> **The task**
Write out all records as given; omit images.

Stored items
......
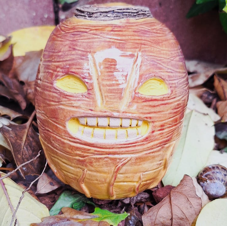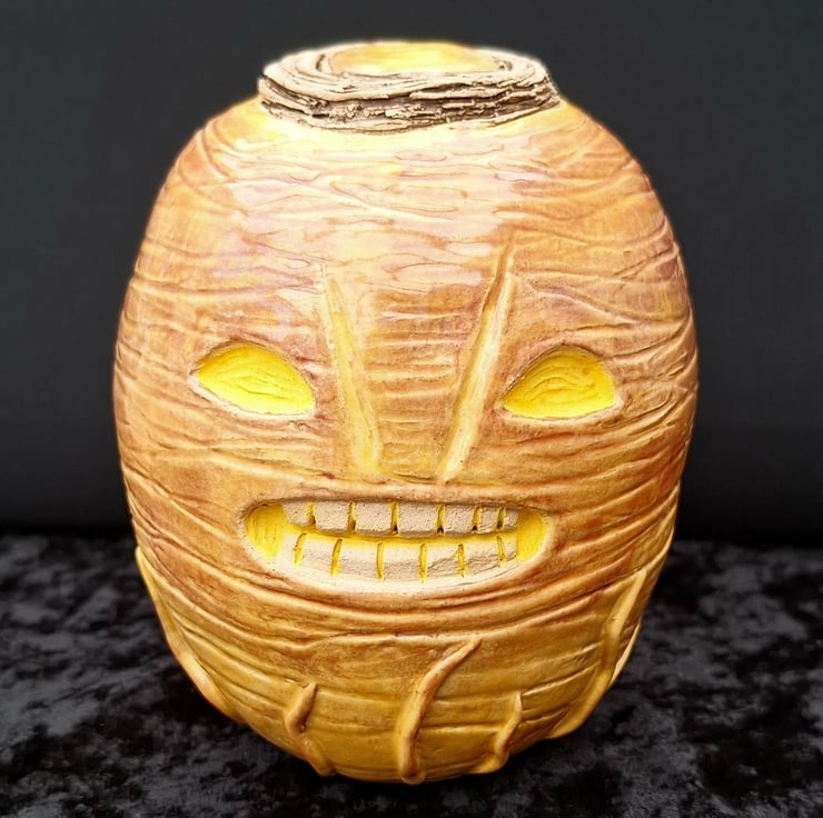 Tarquin is an earthenware ceramic decorative carved turnip head/Jack 'O' Lantern. He is glazed in authentic glossy turnip/swede colours with bright eyes as if lit from inside. Tarquin would make the perfect companion for your Celtic Samhain celebrations! He is one of a kind.
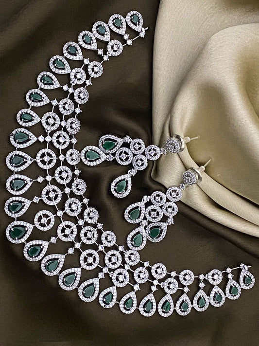 Gold Plated American Diamond Emerald crystal Necklace Earrings, South Indian style Jewelry set
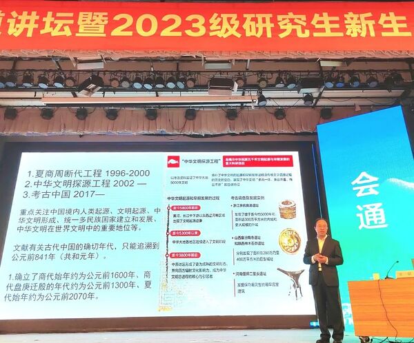 10月13日下午,校党委书记金一斌为2023级研究生讲授《中华文明之统一性》新生第一课,带领他们共同领略中华文明统一性的演进历程、丰富内涵和重大价值,勉励同学们传承爱国基因,挥洒青春艺笔,担当复兴重任。
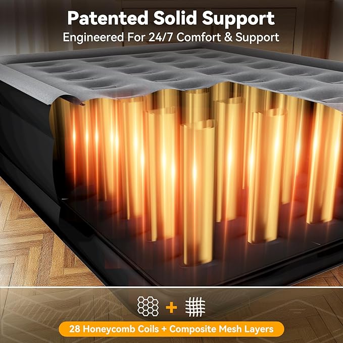 - 【2025 Upgraded Patented Coils & Structure Design–Covered By U.S. Patent NO. US012108880B2】The full size air mattress with built in pump features 28 internal coils in a honeycomb pattern, reinforced by composite mesh and fiber layers.This advanced structure distributes weight evenly across the 18" height, prevents sagging, and supports up to 660lbs without bottoming out
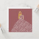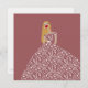 Mulher fashionista vestindo um vestido longo com flores e folhas brancas. Você pode mudar a cor do vestido mudando a cor do fundo. Les Demoizelles ilustra a moda no cartão de vazio. Mão desenhada e terminada digitalmente. Enquadre-o, envie-o com uma mensagem curta, ou use-o como um marcador com uma afirmação pessoal para o seu próprio crescimento.
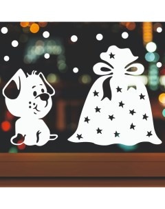 Декоративная наклейка для окон «Щенок и подарки», 55×34 см
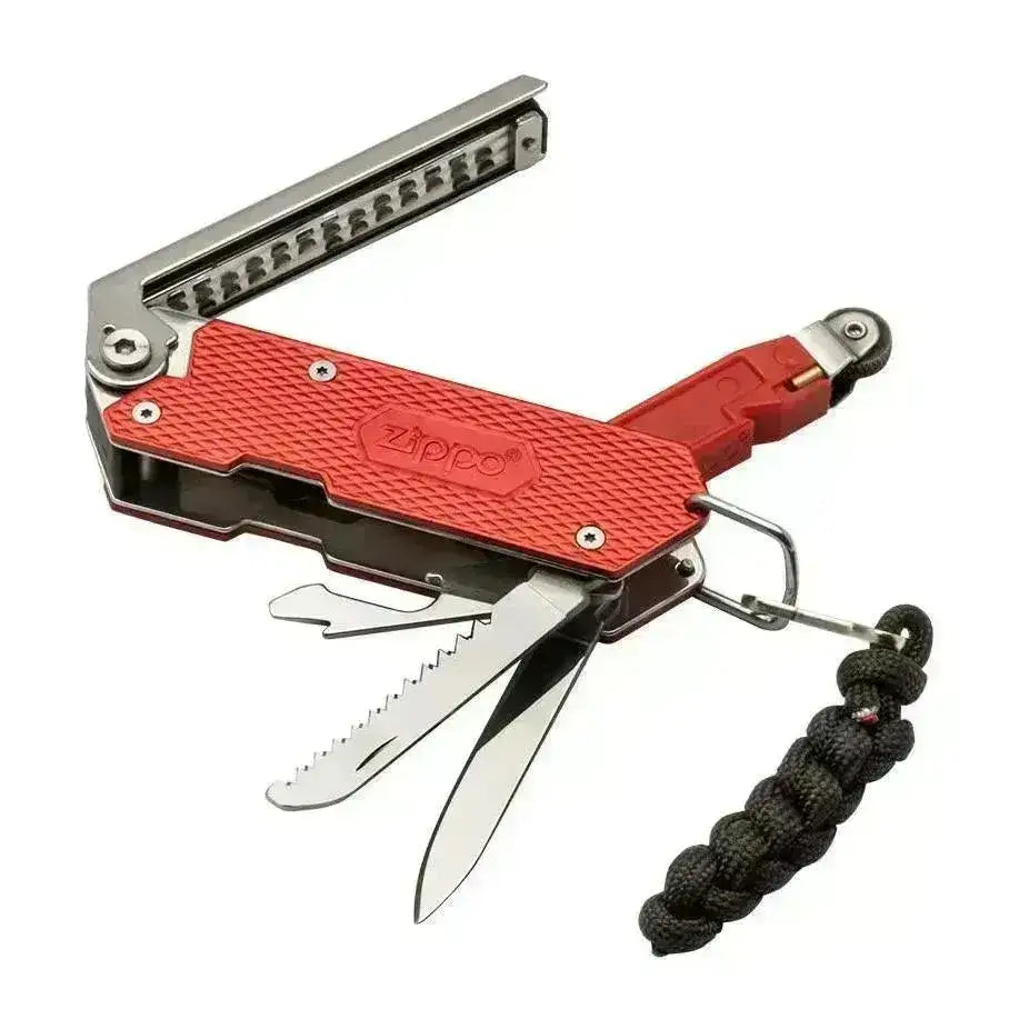 Todas las cosas habituales que esperarías de una multiherramienta/navaja de bolsillo, pero con un toque de estilo; ¡Todo lo que necesitas para encender un fuego! Perfecto para senderismo y ocio, esencial para la supervivencia. La herramienta multiusos para encender fuego Zippo le brinda la posibilidad de iniciar un fuego con una escofina para madera, una cuerda encerada y una rueda de pedernal. Además, la multiherramienta cuenta con todos los elementos habituales para ayudarte también.
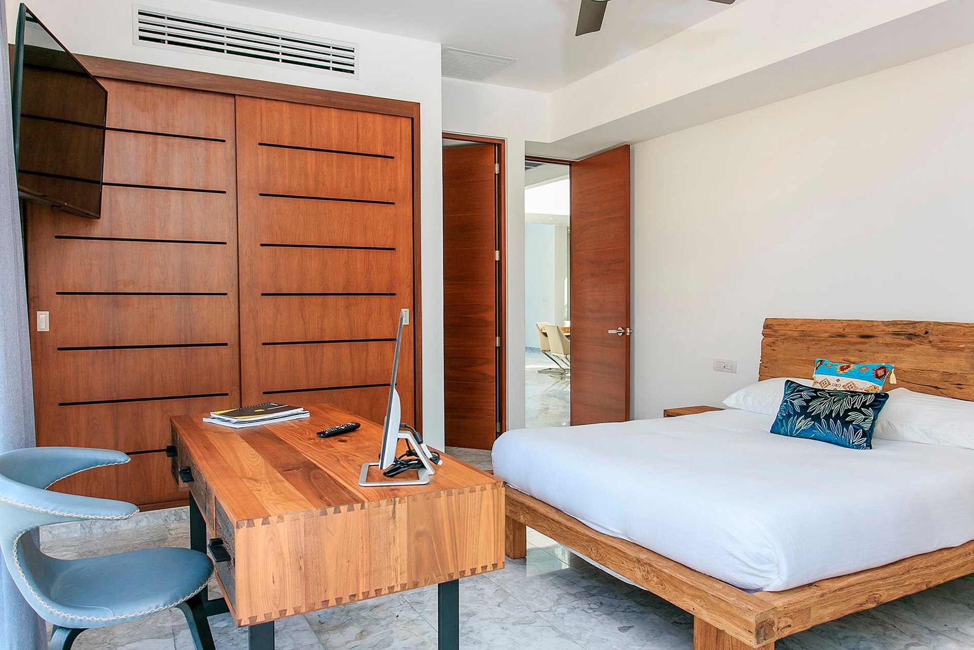 Relish the indoors with modern comforts including air conditioning and contemporary designer furnishings. The sleek kitchen is a haven for culinary inspiration. Source fresh seafood from local markets for a delightful barbecue night on the terrace, perfect for crafting mouthwatering tacos. Transform the formal dining area into an alfresco oasis for eight with swift door openings. Cap off the evening with terrace lounging and handcrafted cocktails while soaking in the captivating ocean vista.
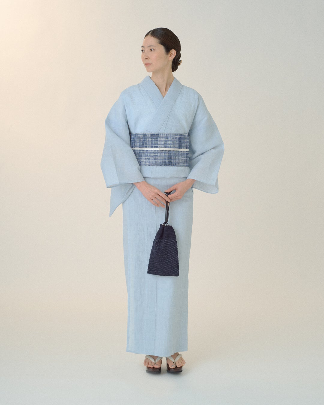 毎夏ご好評いただいている滋賀県の近江縮を中心に、カンボジアで絞りを施し有松鳴海で染め上げた麻の絞り、石川県で仕上げた染めの麻ゆかた、そして山形県で麻に和紙や絹など異なる素材を織り合わせた帯など、さんちの魅力が息づく、豊かなものづくりが叶いました。
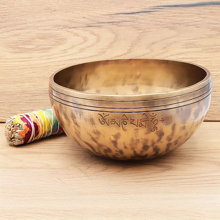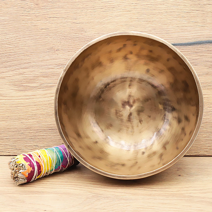 *Cuenco cantante fabricado de manera artesanal con una aleación de calidad superior para una resonancia profunda y duradera. Compuesto por un 98% de bronce puro (cobre 72% estaño 26%); complementado con pequeñas trazas de aleaciones metálicas tradicionales (hierro, zinc, aluminio...) para mejorar el timbre y la duración de la nota.
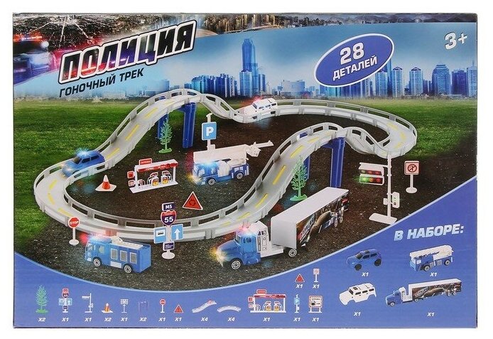 Автотрек «Полиция», 1 машина работает от батареек + сменный кузов, длина трассы 180 см (арт. 2513857)
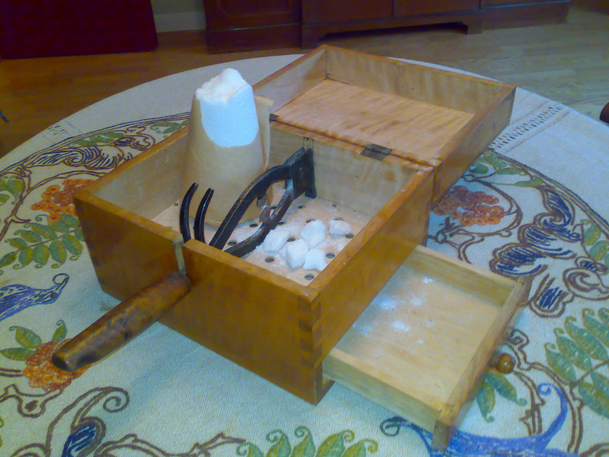 |thumb| 스웨덴의 덩어리 설탕 상자. 철제 설탕 절단기가 있으며, 작은 조각이 바닥의 서랍으로 떨어지도록 되어 있다.]]
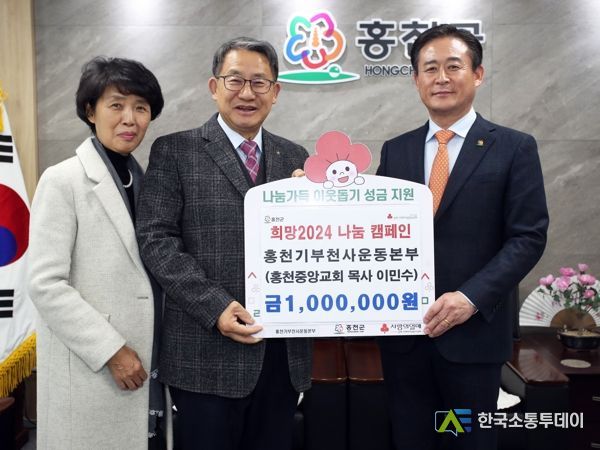 한국소통투데이 관리자 기자 | 홍천기부천사 운동본부는 12월 14일 홍천군청을 방문하여 2024년 희망 나눔 캠페인 나눔가득 이웃돕기 성금 100만원을 기탁했다.
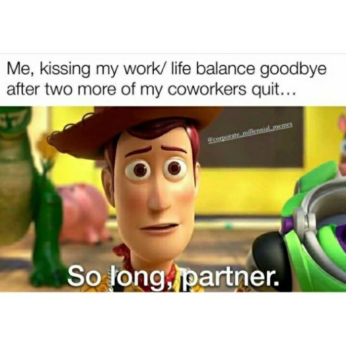 Resign juga apa nggak, ya? Foto: Instagram/corporate_millennial_memes
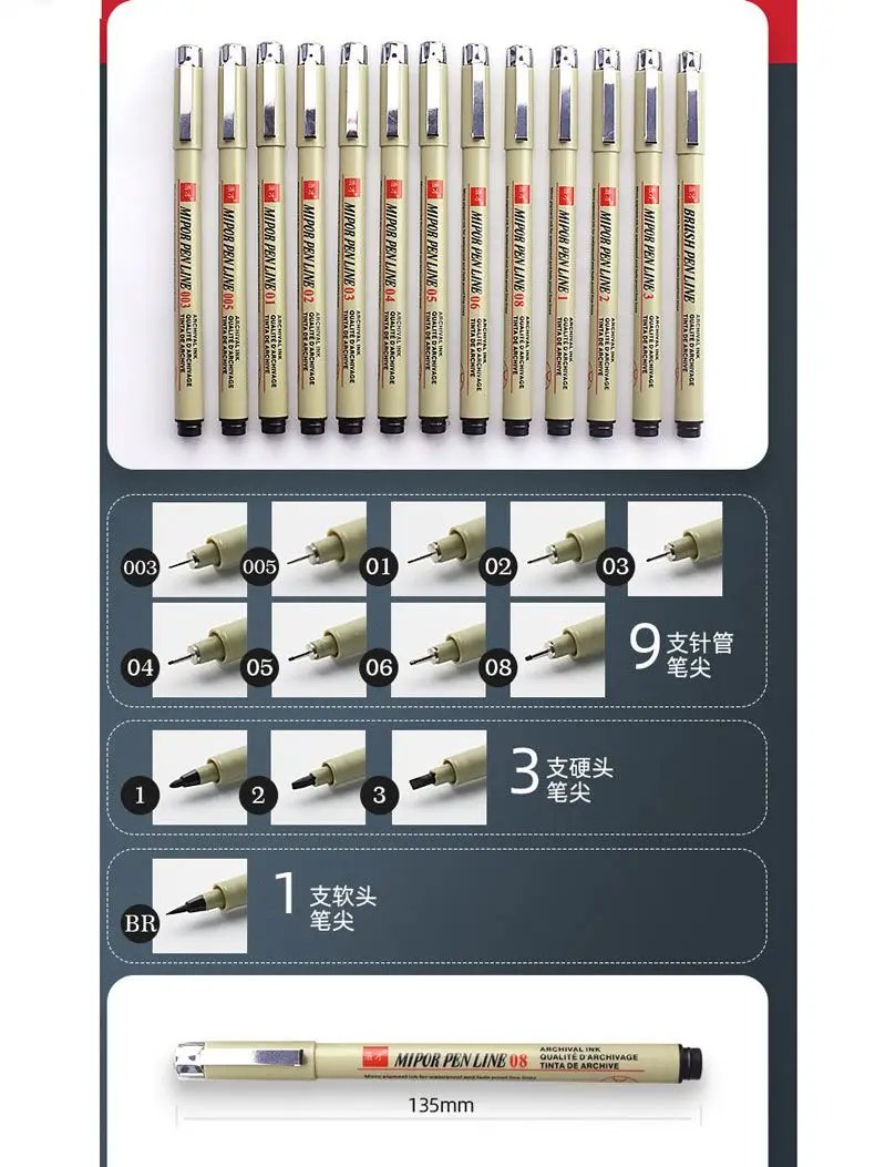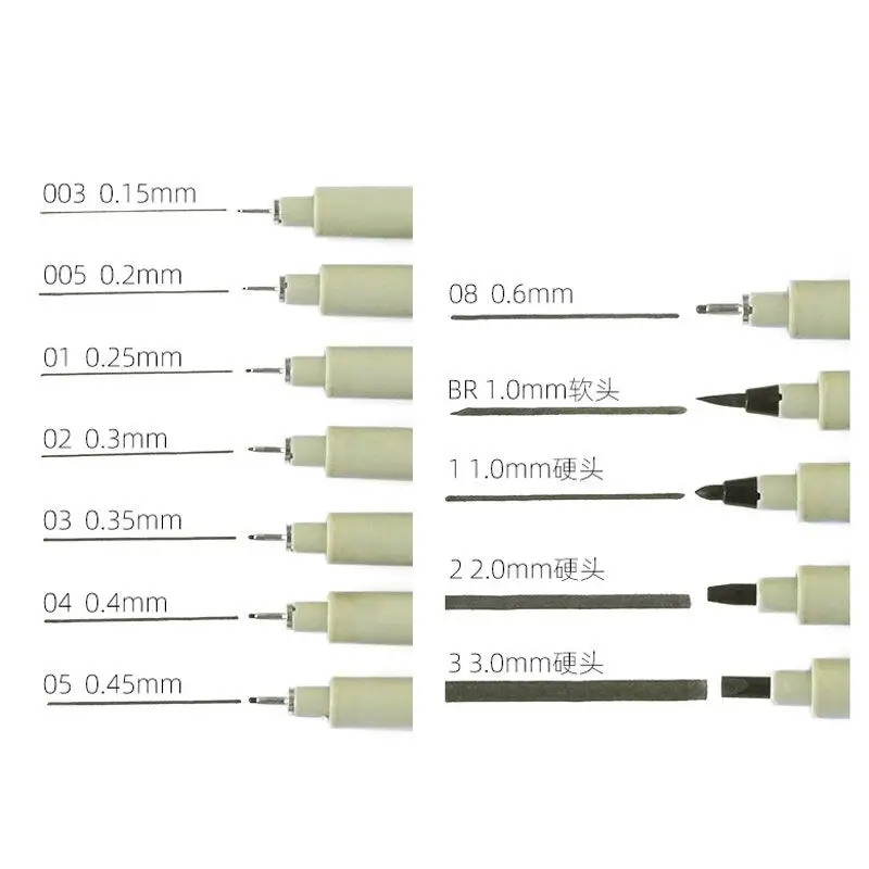 Перо размеров для точного ширина линии 0,15 ММ, 0,2 мм, 0,25 мм, 0,3 мм, 0,35 мм, 0,45 мм, 0,6 мм и 1,0 мм, 2,0 мм, 3,00 mmHard головы, 1 шт. Мягкая головка
......
> **Answer box**
 Tarquin is an earthenware ceramic decorative carved turnip head/Jack 'O' Lantern. He is glazed in authentic glossy turnip/swede colours with bright eyes as if lit from inside. Tarquin would make the perfect companion for your Celtic Samhain celebrations! He is one of a kind.
 Gold Plated American Diamond Emerald crystal Necklace Earrings, South Indian style Jewelry set
 10月13日下午,校党委书记金一斌为2023级研究生讲授《中华文明之统一性》新生第一课,带领他们共同领略中华文明统一性的演进历程、丰富内涵和重大价值,勉励同学们传承爱国基因,挥洒青春艺笔,担当复兴重任。
 - 【2025 Upgraded Patented Coils & Structure Design–Covered By U.S. Patent NO. US012108880B2】The full size air mattress with built in pump features 28 internal coils in a honeycomb pattern, reinforced by composite mesh and fiber layers.This advanced structure distributes weight evenly across the 18" height, prevents sagging, and supports up to 660lbs without bottoming out
 Mulher fashionista vestindo um vestido longo com flores e folhas brancas. Você pode mudar a cor do vestido mudando a cor do fundo. Les Demoizelles ilustra a moda no cartão de vazio. Mão desenhada e terminada digitalmente. Enquadre-o, envie-o com uma mensagem curta, ou use-o como um marcador com uma afirmação pessoal para o seu próprio crescimento.
 Декоративная наклейка для окон «Щенок и подарки», 55×34 см
 Todas las cosas habituales que esperarías de una multiherramienta/navaja de bolsillo, pero con un toque de estilo; ¡Todo lo que necesitas para encender un fuego! Perfecto para senderismo y ocio, esencial para la supervivencia. La herramienta multiusos para encender fuego Zippo le brinda la posibilidad de iniciar un fuego con una escofina para madera, una cuerda encerada y una rueda de pedernal. Además, la multiherramienta cuenta con todos los elementos habituales para ayudarte también.
 Relish the indoors with modern comforts including air conditioning and contemporary designer furnishings. The sleek kitchen is a haven for culinary inspiration. Source fresh seafood from local markets for a delightful barbecue night on the terrace, perfect for crafting mouthwatering tacos. Transform the formal dining area into an alfresco oasis for eight with swift door openings. Cap off the evening with terrace lounging and handcrafted cocktails while soaking in the captivating ocean vista.
 毎夏ご好評いただいている滋賀県の近江縮を中心に、カンボジアで絞りを施し有松鳴海で染め上げた麻の絞り、石川県で仕上げた染めの麻ゆかた、そして山形県で麻に和紙や絹など異なる素材を織り合わせた帯など、さんちの魅力が息づく、豊かなものづくりが叶いました。
 *Cuenco cantante fabricado de manera artesanal con una aleación de calidad superior para una resonancia profunda y duradera. Compuesto por un 98% de bronce puro (cobre 72% estaño 26%); complementado con pequeñas trazas de aleaciones metálicas tradicionales (hierro, zinc, aluminio...) para mejorar el timbre y la duración de la nota.
 Автотрек «Полиция», 1 машина работает от батареек + сменный кузов, длина трассы 180 см (арт. 2513857)
 |thumb| 스웨덴의 덩어리 설탕 상자. 철제 설탕 절단기가 있으며, 작은 조각이 바닥의 서랍으로 떨어지도록 되어 있다.]]
 한국소통투데이 관리자 기자 | 홍천기부천사 운동본부는 12월 14일 홍천군청을 방문하여 2024년 희망 나눔 캠페인 나눔가득 이웃돕기 성금 100만원을 기탁했다.
 Resign juga apa nggak, ya? Foto: Instagram/corporate_millennial_memes
 Перо размеров для точного ширина линии 0,15 ММ, 0,2 мм, 0,25 мм, 0,3 мм, 0,35 мм, 0,45 мм, 0,6 мм и 1,0 мм, 2,0 мм, 3,00 mmHard головы, 1 шт. Мягкая головка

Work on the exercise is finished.